Records for the task >>
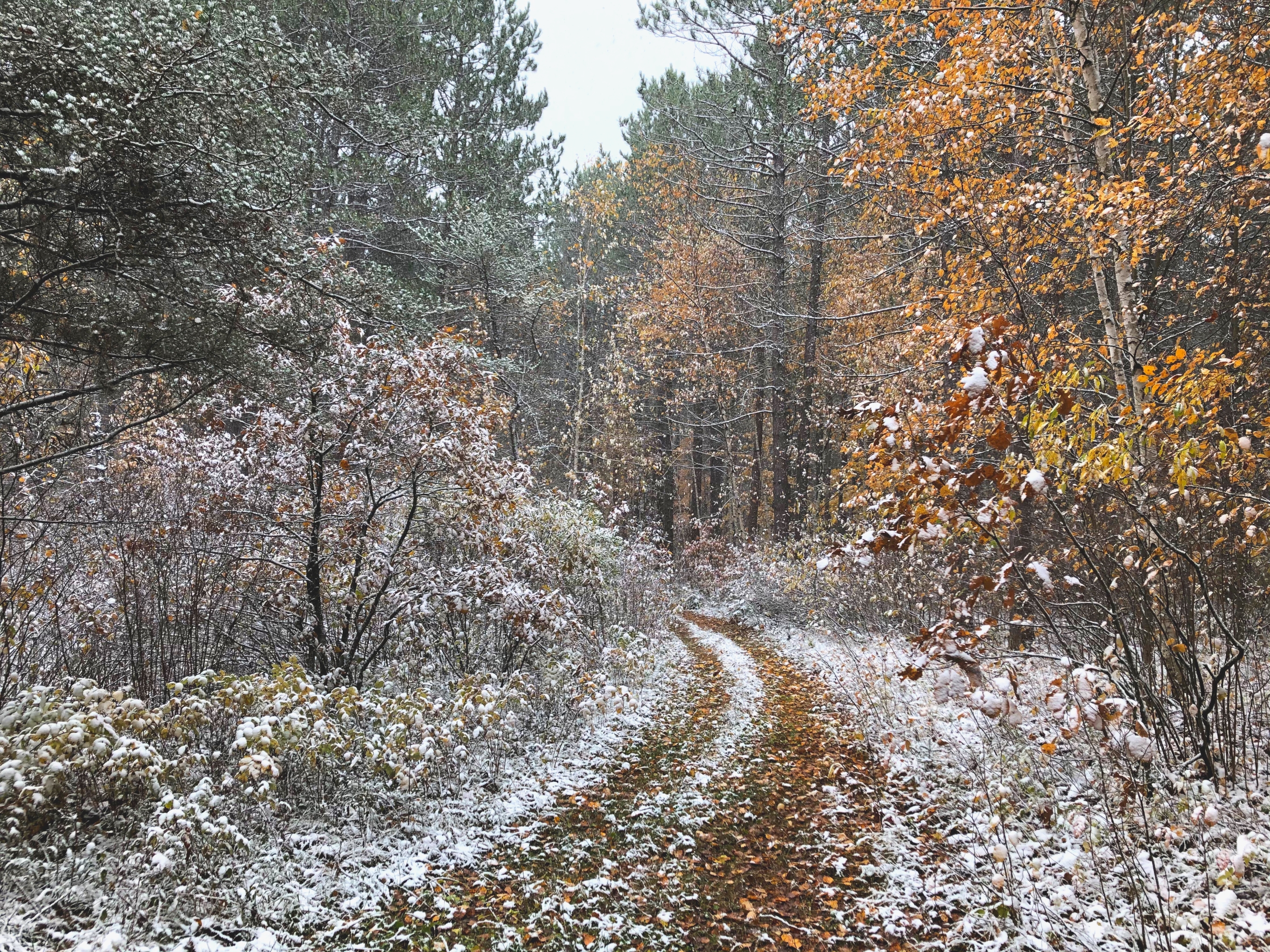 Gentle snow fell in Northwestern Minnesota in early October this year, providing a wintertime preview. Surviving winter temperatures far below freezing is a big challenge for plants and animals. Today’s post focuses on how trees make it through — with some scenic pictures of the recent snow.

--

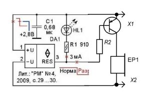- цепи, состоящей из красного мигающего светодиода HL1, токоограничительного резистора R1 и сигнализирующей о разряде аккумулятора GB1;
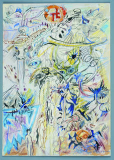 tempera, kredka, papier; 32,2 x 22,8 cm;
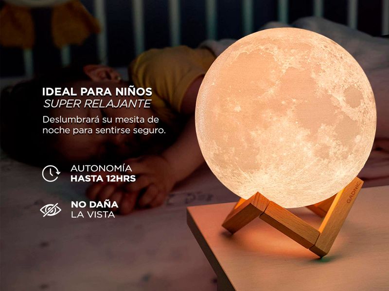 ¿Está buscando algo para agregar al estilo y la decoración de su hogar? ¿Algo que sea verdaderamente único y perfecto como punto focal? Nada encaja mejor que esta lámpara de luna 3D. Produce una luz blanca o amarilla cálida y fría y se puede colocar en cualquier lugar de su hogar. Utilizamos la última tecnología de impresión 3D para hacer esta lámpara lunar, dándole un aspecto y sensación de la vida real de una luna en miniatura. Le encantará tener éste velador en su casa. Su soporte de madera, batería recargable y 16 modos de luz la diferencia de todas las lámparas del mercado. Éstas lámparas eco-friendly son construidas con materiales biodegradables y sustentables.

--

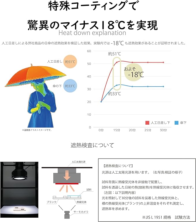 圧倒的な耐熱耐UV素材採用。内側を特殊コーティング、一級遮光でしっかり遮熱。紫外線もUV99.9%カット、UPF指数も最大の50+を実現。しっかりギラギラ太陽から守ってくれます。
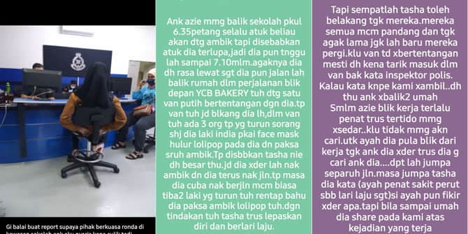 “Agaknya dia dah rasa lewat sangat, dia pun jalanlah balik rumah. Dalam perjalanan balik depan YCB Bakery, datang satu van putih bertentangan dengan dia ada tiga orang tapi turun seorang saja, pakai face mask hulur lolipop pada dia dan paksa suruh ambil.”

Activity >> Reproduce the entries exactly, from the line with "- цепи, состоящей" to the line with "tempera, kredka, papier; 32,2 x 22,8 cm;", both lines included, keeping no pictures.

Response >>
- цепи, состоящей из красного мигающего светодиода HL1, токоограничительного резистора R1 и сигнализирующей о разряде аккумулятора GB1;
 tempera, kredka, papier; 32,2 x 22,8 cm;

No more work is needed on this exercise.